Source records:
= = =
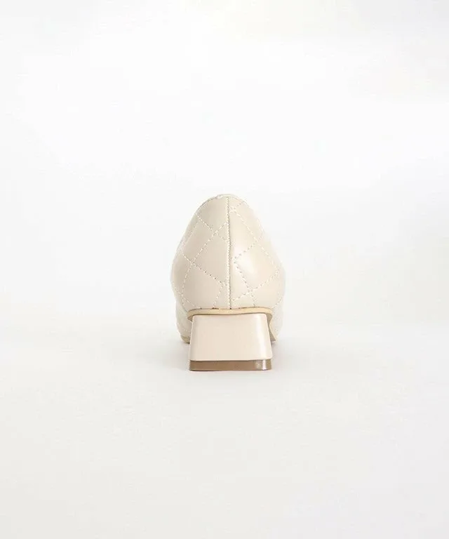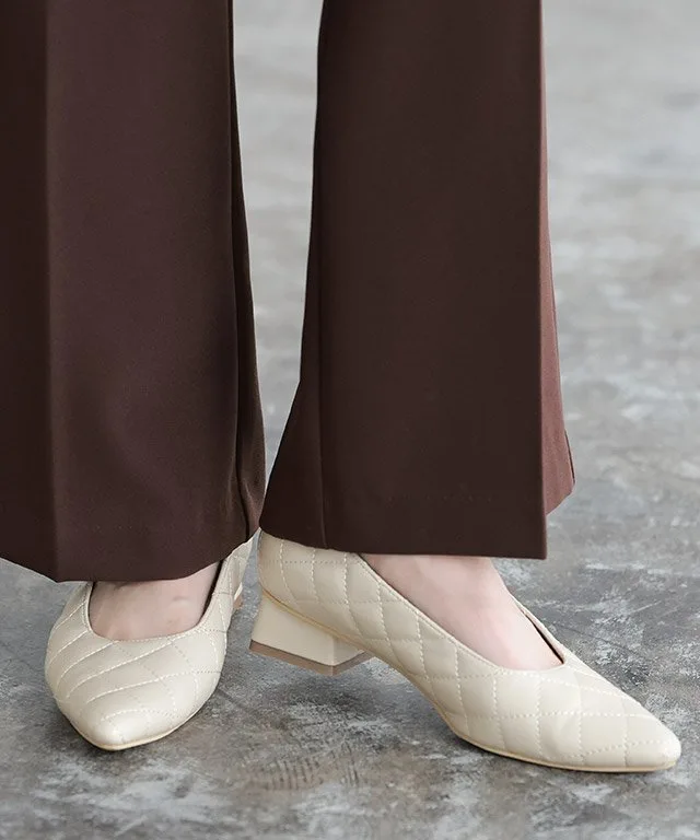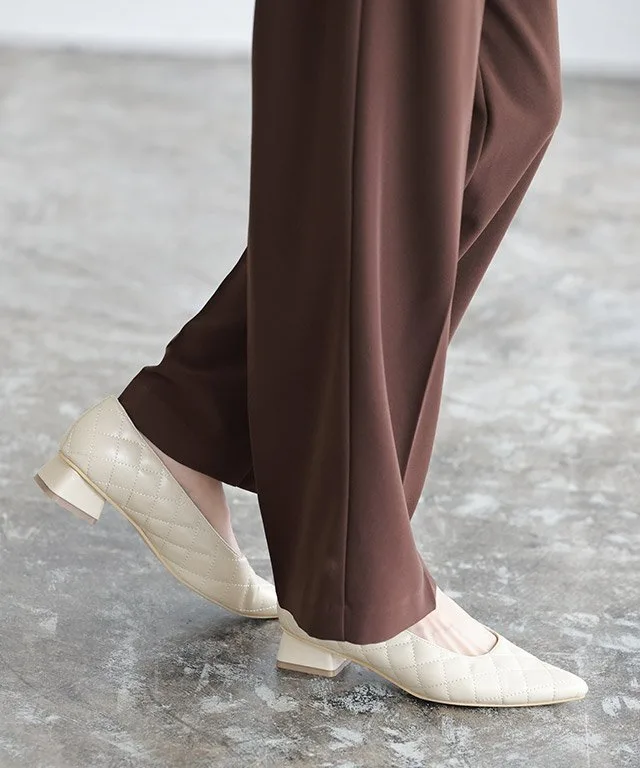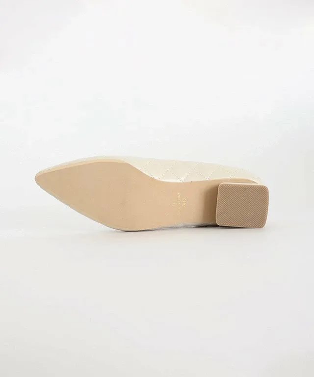 Острый носок создает женственное впечатление, а слегка покатый квадратный вырез верха добавляет непринужденности. Низкий массивный каблук обеспечивает устойчивость и облегчает ходьбу. ◎
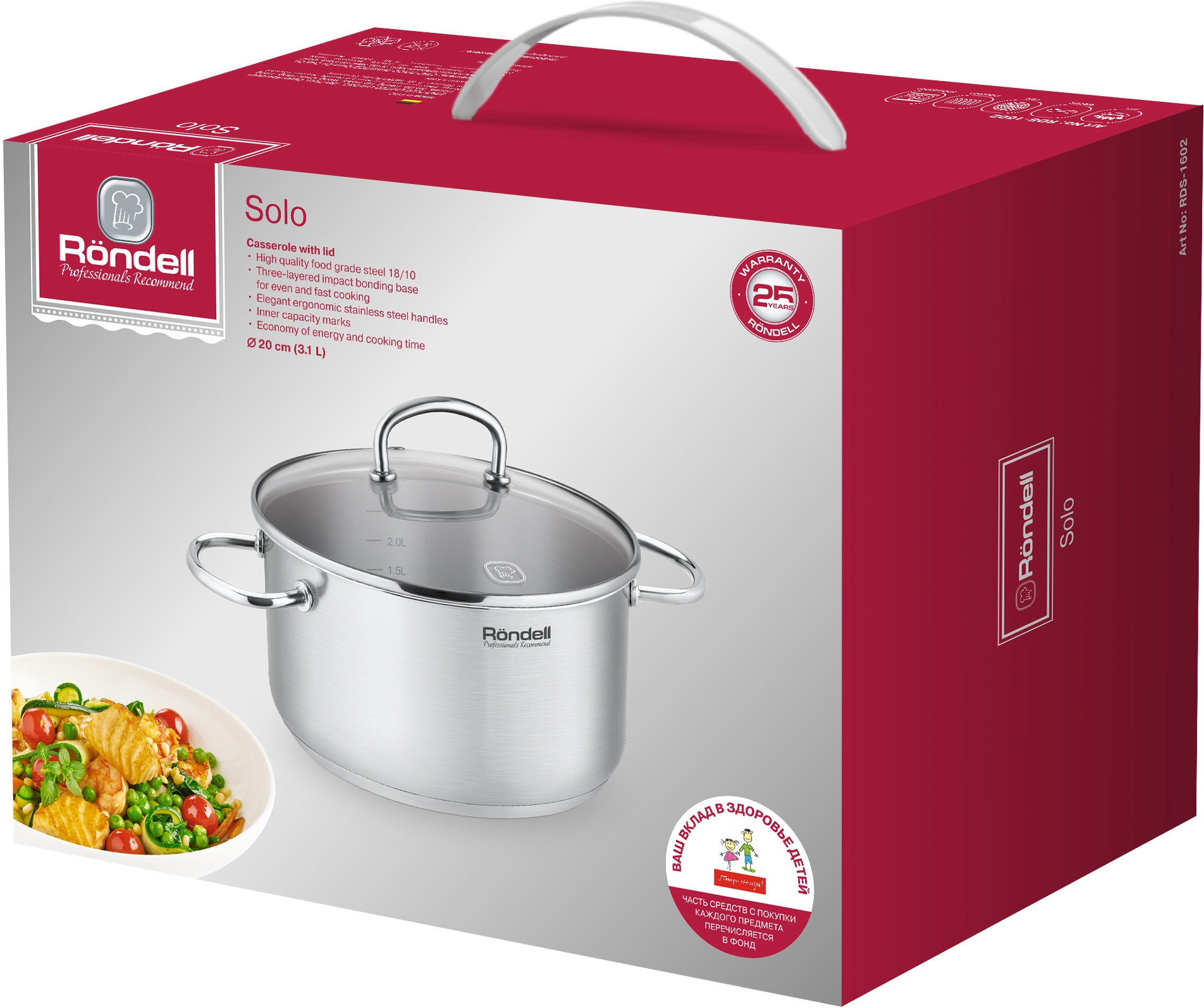 Изготовленные из высококачественной нержавеющей стали 18/10 кастрюли Solo, отличаются надежностью и особой долговечностью. Блюда, приготовленные в ней, получаются необыкновенно вкусными и ароматными. Все предметы посуды оснащены крышками из термостойкого стекла с отверстиями для выхода пара.
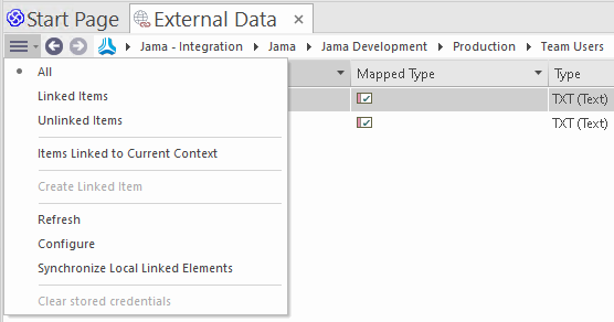 - 'Items Linked to Current Context' to show only the Jama items that are linked to the currently selected Enterprise Architect element
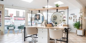 Relooking et agencement salon de coiffure à Libourne, création de mobilier sur-mesure et mise en couleur du local professionnel.
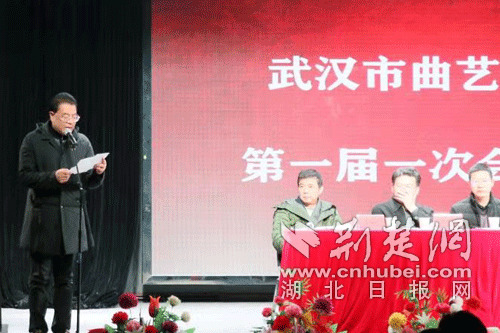 荆楚网客户端-荆楚网消息(记者 董育雄 通讯员 邓鼐)11月28日,武汉市曲艺家协会第一届一次会员大会在汉召开。武汉市文联党组书记、副主席李蓉,武汉市文联党组成员、副主席王开学,著名湖北评书表演艺术家何祚欢,以及武汉市民政局相关领导等出席会议。
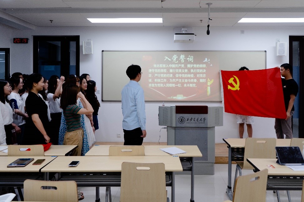 2021年6月18日,中共中央总书记,国家主席,中央军委主席习近平同志参观“‘不忘初心、牢记使命’中国共产党历史展览”时带领党员领导同志重温入党誓词。作为3003新葡官方网站新时代的学子,深入贯彻落实总书记讲话精神。在中国共产党百年华诞之际,参加学习的支部全体党员同志重温入党誓词,面对党旗庄严的宣誓,回忆自己的入党初心。
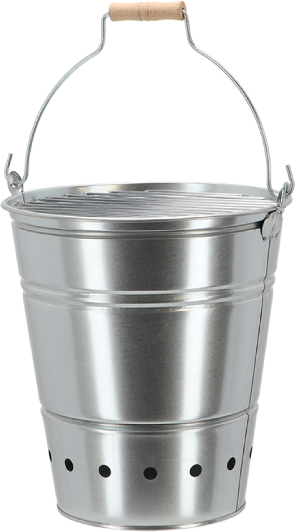 Grillsütő vödör grillrácstal és fa fogantyúval cink anyagból. Kényelmesen hordozható, akár egy szabadtéri piknik során.
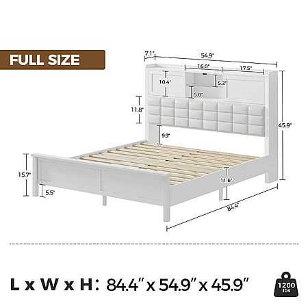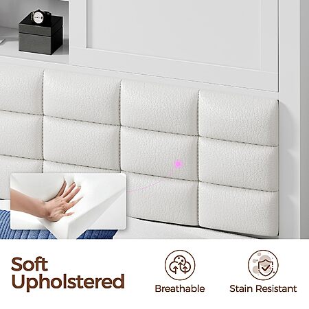 - Bed with Charging Station: Built-in charging station with two USB ports and one type-C port in the headboard, providing convenient access for charging devices and a spot for a reading lamp.
= = =
The task: Starting at the line that holds "2021年6月18日,中共中", retype every line through the end of the data, both ends included. Pictures stay out of the copy.

Output of the exercise:
 2021年6月18日,中共中央总书记,国家主席,中央军委主席习近平同志参观“‘不忘初心、牢记使命’中国共产党历史展览”时带领党员领导同志重温入党誓词。作为3003新葡官方网站新时代的学子,深入贯彻落实总书记讲话精神。在中国共产党百年华诞之际,参加学习的支部全体党员同志重温入党誓词,面对党旗庄严的宣誓,回忆自己的入党初心。
 Grillsütő vödör grillrácstal és fa fogantyúval cink anyagból. Kényelmesen hordozható, akár egy szabadtéri piknik során.
 - Bed with Charging Station: Built-in charging station with two USB ports and one type-C port in the headboard, providing convenient access for charging devices and a spot for a reading lamp.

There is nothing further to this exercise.